Virtual gene cloning is here. Full-length gene sequences can be obtained in a few hours in front of a computer rather than from weeks of intensive labour at the bench. Genes, their protein products and functions, and their equivalents in other species (homologues and orthologues), are being named, identified and published at an astonishing rate.

But one side-effect is a growing chaos in nomenclature. A single protein is often studied simultaneously by a number of independent laboratories, each using their own pet name and refusing to acknowledge other names or agreeing to accept a single label. This inevitably leads to problems for anyone trying to stay abreast of the literature.
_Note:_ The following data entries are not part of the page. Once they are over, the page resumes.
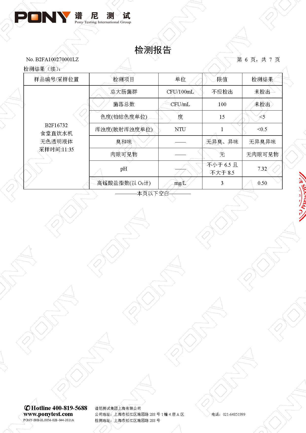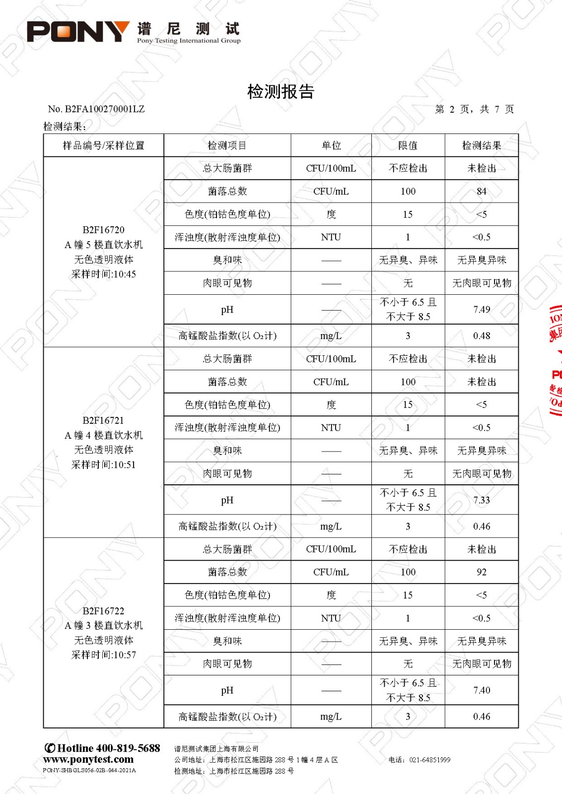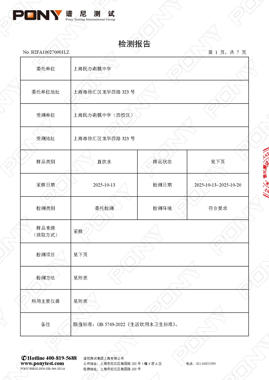 【健康促进】2025学年第一学期直饮水检测报告(10月)—— 西校区
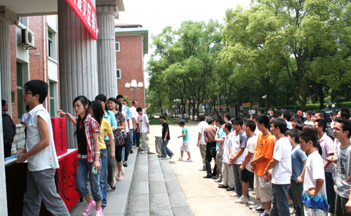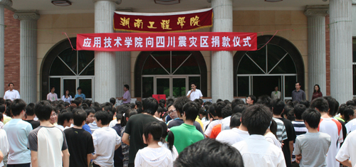 5月14日中午12点30分,公司南校区1000多名员工聚集在一教学楼前坪,排着整齐的队伍,认真听取成平副书记的动员讲话。讲话刚一结束,员工党员、员工干部马上走在最前面进行自愿捐款,10元、20元、100元、200元不等。一位名叫朱冬冬的女同学拿出2000元放进了募捐箱。当老师问她,“你为什么捐这么多?”她腼腆地回答到:“四川发生了这么大的天灾,我们全家都很难过,我父母来电话询问我们公司是否在组织捐款,并建议我和我的弟弟分别在公司要多捐一点,尽量为灾区的老百姓多一点支持,多一份关爱。”多么憨实的话语,多么深情的善举。天灾无情,人间有情,一方有难,八方支援。一笔笔捐款,一颗颗爱心,饱含着公司南校区1000多名员工的深情厚谊。
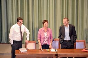 Trecate - Non sarà stato ai livelli di Kennedy-Nixon e nemmeno di Prodi-Berlusconi, ma il confronto organizzato in un teatro comunale stipato all'inverosimile la sera di lunedì 23 maggio passerà nella storia di Trecate. Innanzitutto perché sul palco c'erano due giovani e validi candidati, Binatti per il centrodestra e Ruggerone per il centrosinistra (e questo fa ben sperare, qualsiasi sia il risultato delle urne, per l'attività amministrativa in Comune tanto in maggioranza quanto in opposizione). E poi perché ancora una volta i trecatesi hanno dimostrato grande senso di civiltà: tanto calore, tanto caldo (nel senso di afa...), tanta passione, ma nessuno scontro né verbale né tantomeno fisico. Insomma una bella serata di politica e di amministrazione, ottimamente gestita da Serena Fiocchi, direttore del Corriere di Novara, chiamata - da 'esterno' come nei derby che si rispettano - ad arbitrare questo incontro-scontro.
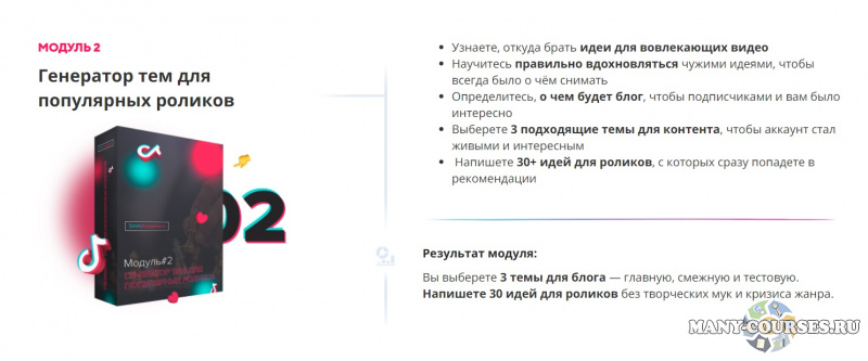 Результат модуля - Узнаете принципы создания вирусного контента в TikTok, напишете 6+ сценариев для видео, которые будут удерживать внимание и повышать охваты.

Take, for example, the EphB2 receptor, a protein involved in signalling in the brain. This tyrosine kinase was originally isolated from the chick and published in 1991 as Cek5, but was subsequently referred to as Nuk, Erk, Qek5, Tyro6, Sek3, Hek5 and Drt according to species, tissue or function. Happily in this case, following a workshop in Heidelberg, a proposal was drawn up, in consultation with the human and mouse gene-nomenclature committees, to systematically rename this protein and its family members. The scientific community at large was alerted to the agreed nomenclature of EphB2 (Cell 90, 403–404; 1997), which has been used ever since.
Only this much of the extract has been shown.